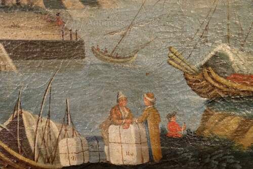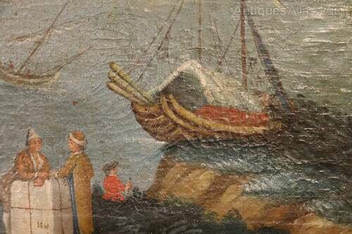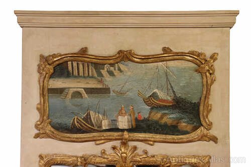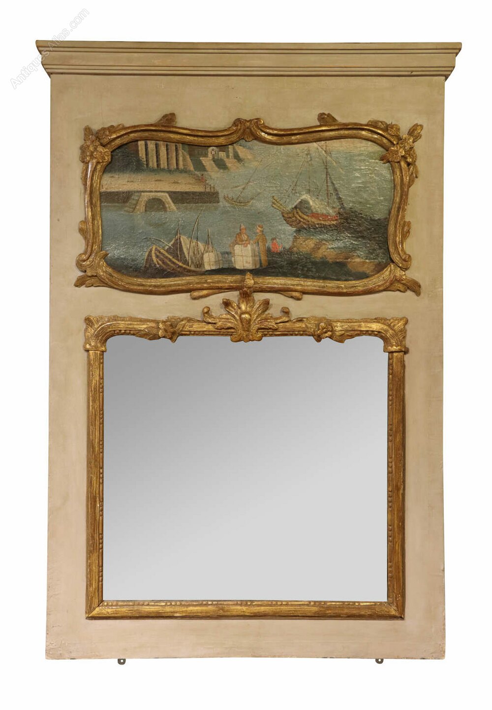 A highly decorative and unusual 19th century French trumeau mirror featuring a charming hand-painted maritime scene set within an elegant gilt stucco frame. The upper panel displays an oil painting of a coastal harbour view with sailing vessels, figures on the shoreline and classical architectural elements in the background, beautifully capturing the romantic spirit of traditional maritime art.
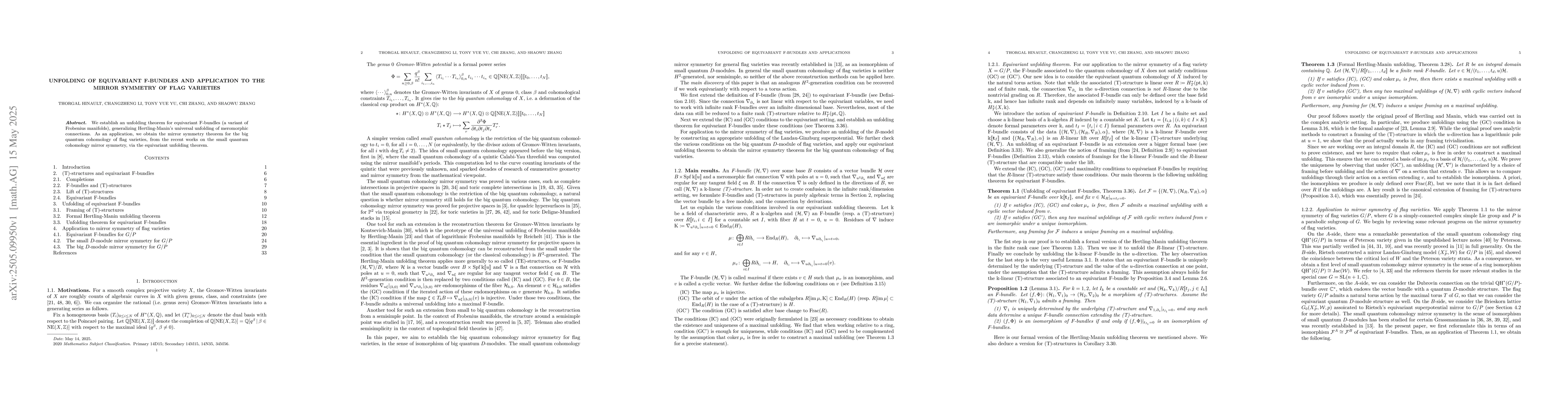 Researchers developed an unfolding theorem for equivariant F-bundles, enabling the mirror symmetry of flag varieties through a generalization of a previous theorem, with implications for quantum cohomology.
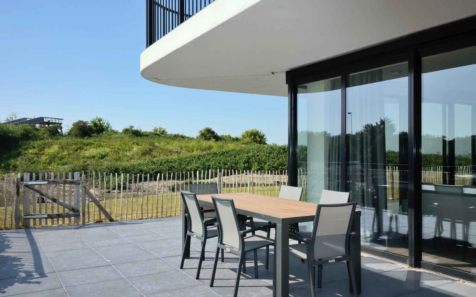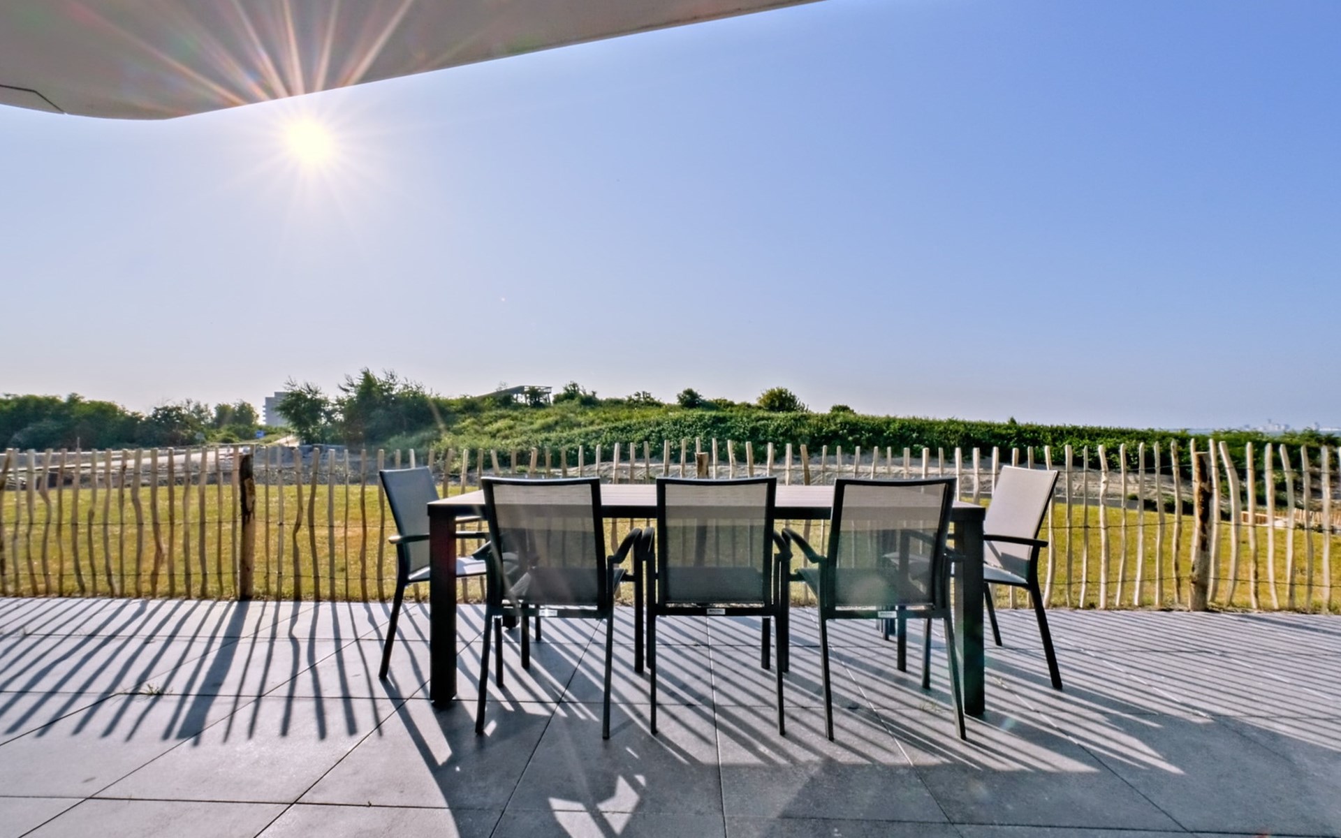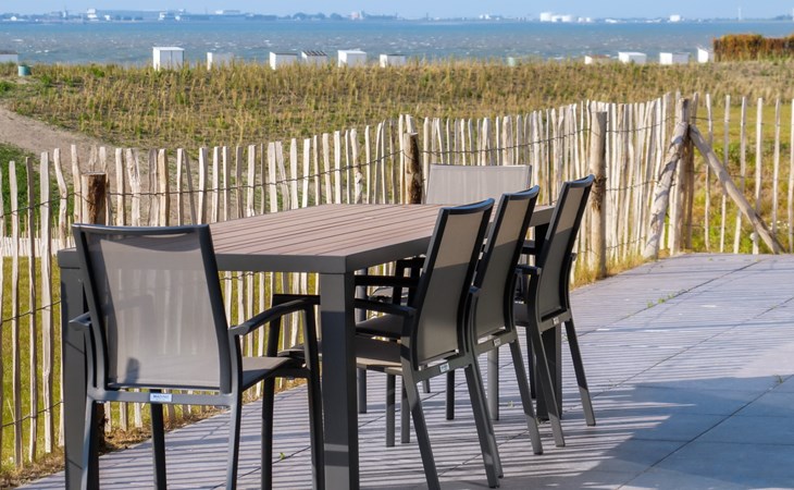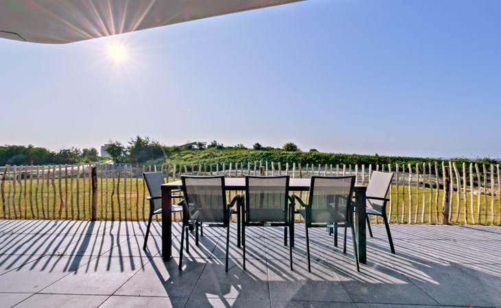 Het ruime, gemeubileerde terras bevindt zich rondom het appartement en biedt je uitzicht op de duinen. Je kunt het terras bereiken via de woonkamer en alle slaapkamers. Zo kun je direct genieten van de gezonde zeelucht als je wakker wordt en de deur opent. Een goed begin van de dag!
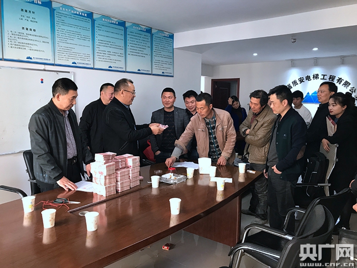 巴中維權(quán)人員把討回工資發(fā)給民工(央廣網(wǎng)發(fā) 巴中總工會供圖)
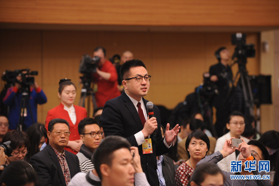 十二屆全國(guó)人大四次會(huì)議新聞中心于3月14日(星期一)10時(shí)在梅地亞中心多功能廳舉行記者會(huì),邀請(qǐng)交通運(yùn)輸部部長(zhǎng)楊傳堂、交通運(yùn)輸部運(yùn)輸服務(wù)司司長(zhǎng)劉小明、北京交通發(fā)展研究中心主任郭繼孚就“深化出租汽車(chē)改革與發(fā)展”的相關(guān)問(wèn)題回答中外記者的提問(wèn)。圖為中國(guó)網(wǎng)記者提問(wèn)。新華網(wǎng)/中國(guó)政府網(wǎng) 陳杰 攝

━━━━━━━━━━━━━━━━━━━━━━━━━━━━━━

* Brief:
Set the data above down again exactly as given, with no pictures.

* Answer box:
 A highly decorative and unusual 19th century French trumeau mirror featuring a charming hand-painted maritime scene set within an elegant gilt stucco frame. The upper panel displays an oil painting of a coastal harbour view with sailing vessels, figures on the shoreline and classical architectural elements in the background, beautifully capturing the romantic spirit of traditional maritime art.
 Researchers developed an unfolding theorem for equivariant F-bundles, enabling the mirror symmetry of flag varieties through a generalization of a previous theorem, with implications for quantum cohomology.
 Het ruime, gemeubileerde terras bevindt zich rondom het appartement en biedt je uitzicht op de duinen. Je kunt het terras bereiken via de woonkamer en alle slaapkamers. Zo kun je direct genieten van de gezonde zeelucht als je wakker wordt en de deur opent. Een goed begin van de dag!
 巴中維權(quán)人員把討回工資發(fā)給民工(央廣網(wǎng)發(fā) 巴中總工會供圖)
 十二屆全國(guó)人大四次會(huì)議新聞中心于3月14日(星期一)10時(shí)在梅地亞中心多功能廳舉行記者會(huì),邀請(qǐng)交通運(yùn)輸部部長(zhǎng)楊傳堂、交通運(yùn)輸部運(yùn)輸服務(wù)司司長(zhǎng)劉小明、北京交通發(fā)展研究中心主任郭繼孚就“深化出租汽車(chē)改革與發(fā)展”的相關(guān)問(wèn)題回答中外記者的提問(wèn)。圖為中國(guó)網(wǎng)記者提問(wèn)。新華網(wǎng)/中國(guó)政府網(wǎng) 陳杰 攝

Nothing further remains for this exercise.